Liman, who revived the franchise with a streamer hit remake that starred Jake Gyllenhaal and Irish MMA fighter Conor McGregor, quietly has acquired the sequel rights to the original Road House scripted by writer R. Lance Hill.
The filmmaker plans to make Road House: Dylan, the scribe’s sequel to the iconic 1989 film that starred the late Patrick Swayze as the Zen tough guy who comes to a crooked town and cleans it up, one bar brawl at a time.
Amazon MGM Studios has begun production on Road House 2, a completely different sequel, following up Liman’s reboot. Ilya Naishuler is taking over in the director’s chair after Liman washed his hands of it. Gyllenhaal reprises as cagefighter-turned-barfighter alongside Dave Bautista, Aldis Hodge and Leila George.
Like last year’s first film, the plan is to release the sequel on Amazon’s Prime Video streaming site. The Liman-directed original became the biggest movie debut ever with a record-breaking 50 million worldwide viewers in its first two weekends on Prime Video.
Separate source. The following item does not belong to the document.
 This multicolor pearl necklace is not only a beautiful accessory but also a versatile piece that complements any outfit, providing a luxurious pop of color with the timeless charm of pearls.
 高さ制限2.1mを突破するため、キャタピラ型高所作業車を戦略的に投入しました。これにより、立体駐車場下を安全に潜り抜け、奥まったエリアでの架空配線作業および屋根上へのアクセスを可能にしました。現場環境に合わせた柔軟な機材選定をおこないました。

That made it the most-watched film debut ever on a worldwide basis, according to the streamer, though precise streaming numbers aren’t as easily tracked as theatrical film box office repeats.
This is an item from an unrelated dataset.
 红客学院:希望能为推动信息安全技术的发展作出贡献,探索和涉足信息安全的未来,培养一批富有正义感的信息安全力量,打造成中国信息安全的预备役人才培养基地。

But the issue was because Liman’s original deal included bumps for box office success, his compensation suffered because the crowd-pleasing film certainly would have had a strong opportunity to draw a crowd to theaters.
After the film deal went belly-up, Liman wrote a guest column for Deadline, baring his frustration over making a deal that called for a full theatrical release, and then unceremoniously being informed that Road House would be a straight-to-streaming title. This came after the film tested well enough to be a sleeper theatrical hit, which was the deal that Liman made.
How can there be dueling sequels to the same film? There is a federal lawsuit being waged over the franchise’s ownership, filed by attorney Marc Toberoff for Hill. The issue is this: They maintain that Hill wrote the 1986 original as a spec script, and that, under Section 203 of the U.S. Copyright Act, Hill lawfully recaptured rights to his screenplay on November 11, 2023 — 35 years after selling it to United Artists. Section 203 allows authors to reclaim copyrights to original works after that period, unless the work was created as a “work for hire.”
Hill maintains Road House was not a work for hire: He wrote it independently, was paid only after selling it at auction and had no studio supervision. He alleges that Amazon’s 2024 remake infringed those re-acquired rights. Amazon and MGM counter that his termination notice is invalid because the script was sold through his loan-out corporation, Lady Amos Inc., and therefore qualifies as a work for hire.
Their false-ownership counterclaim — accusing Hill of misrepresenting authorship in copyright filings — survived an anti-SLAPP motion to strike in September 2024; Hill has appealed that ruling to the Ninth Circuit.
Liman, who sought out Hill when he was planning to do the Road House sequel for Amazon MGM, got to know the writer and sympathized with his plight. Liman’s move effectively recognizes Hill’s claim and sets up two competing chains of title: Amazon’s studio sequel and Liman’s author-sanctioned project.